Seller shall further deliver to Purchaser a letter from the landlord confirming
that for the term of the Lease, Purchaser shall have the right to use of the
emergency egress through the premises currently being leased by the tenant of
the adjoining property.

            (e) Seller shall have delivered to Purchaser a letter from tenant of
the adjoining property, confirming that the Purchaser will continue to have the
right to use of an emergency egress through the premises being leased by the
tenant of the adjoining property.

                                   ARTICLE VII
                       CONDITIONS TO SELLER'S OBLIGATIONS

      7.01 Purchaser's Conditions. Each and every obligation of Seller under
this Agreement to be performed on or before the Effective Date shall be subject
to the satisfaction, on or before the Effective Date, of the following
conditions:

            (a) The representations and warranties made by Purchaser in this
Agreement or in documents delivered pursuant hereto shall be true and correct in
all material respects at and as of the Effective Date as though such
representations and warranties were made at and as of such time, except for any
changes permitted by the terms hereof or consented to in writing by Seller.

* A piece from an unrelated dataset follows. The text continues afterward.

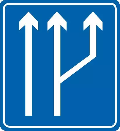 A.向右变道 B.分流处 C.车道数增加 D.路面变宽 答案:C。 解析:俩个车道变成三个,表示车道数增加。">

                                       32


            (b) Purchaser shall have performed and complied in all material
respects with all obligations and agreements required by this Agreement to be
performed or complied with by it prior to or on the Effective Date.

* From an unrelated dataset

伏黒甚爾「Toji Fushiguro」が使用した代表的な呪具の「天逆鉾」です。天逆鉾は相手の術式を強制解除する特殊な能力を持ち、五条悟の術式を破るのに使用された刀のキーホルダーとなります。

            (c) Purchaser shall have delivered to Seller a certificate of
Purchaser's President, Chief Executive Officer or Treasurer, dated the Effective
Date, certifying to the fulfillment of the foregoing conditions.

                                  ARTICLE VIII
               CONDITIONS TO SELLER'S AND PURCHASER'S OBLIGATIONS

      Each and every obligation of the Parties under this Agreement to be
performed on or before the Effective Date shall be subject to the satisfaction,
on or before the Effective Date, of the following conditions:

      8.01 Approval of Regulatory Authorities. The final, unconditional
approvals (or conditional approvals; all of the conditions which must be
performed on or prior to the Effective Date being satisfied) by the FDIC, the
DOB, to consummate the transactions contemplated hereby shall have been
obtained.

      8.02 Litigation. There shall be no litigation pending on the Effective
Date seeking to prohibit consummation of the transactions provided for in this
Agreement.

                                   ARTICLE IX
                                   TERMINATION

      9.01 Methods of Termination. This Agreement may be terminated at any time,
but not later than the Effective Date:

            (a) By mutual written agreement of Seller and Purchaser; or

            (b) By Purchaser if any of the conditions provided for in Article VI
of this Agreement shall not have been met or waived in writing by Purchaser; or

            (c) By Seller if any of the conditions provided for in Article VII
of this Agreement shall not have been met or waived in writing by Seller; or

            (d) By Seller or Purchaser if any of the conditions provided for in
Article VIII shall not have been met; or

            (e) By Purchaser if it so elects pursuant to the provisions of
Section 5.14 of this Agreement; or


                                       33


            (f) By Seller or Purchaser if the Effective Date has not occurred on
or before a date one hundred fifty (150) calendar days subsequent to the
execution of this Agreement, unless as a result of a breach of this Agreement by
the Party seeking to terminate.

      9.02 Procedures Upon Termination. In the event of termination pursuant to
Section 9.01 hereof, written notice thereof shall be given to the other Party,
and this Agreement shall terminate immediately upon receipt of such notice,
unless an extension is consented to by the Party or Parties having the right to
terminate. If this Agreement is terminated as provided herein:

            (a) Each Party will redeliver all documents, work papers and other
materials of the Party relating to this transaction, whether so obtained before
or after the execution hereof, to the Party furnishing the same;

            (b) All information received by either Party hereto with respect to
the business of the other Party (other than information which is a matter of
public knowledge or which has heretofore been or is hereafter published in any
publication for public distribution or filed as public information with any
governmental authority) shall not at any time be used for business advantage by
such Party or disclosed by such Party to third persons to the detriment of the
Party furnishing such information or if otherwise prohibited by state or federal
law; and

            (c) Nothing contained in this Article IX shall be deemed to excuse
either Party for a breach of any of its obligations or agreements undertaken or
made in this Agreement.

      9.03 Fees and Expenses Upon Termination. In the event of a termination of
this Agreement pursuant to this Article IX, neither Purchaser nor Seller shall
have any liability or obligation to the other of any nature whatsoever except
liabilities and obligations arising from any willful breach of any material
provision of this Agreement occurring prior to the termination hereof.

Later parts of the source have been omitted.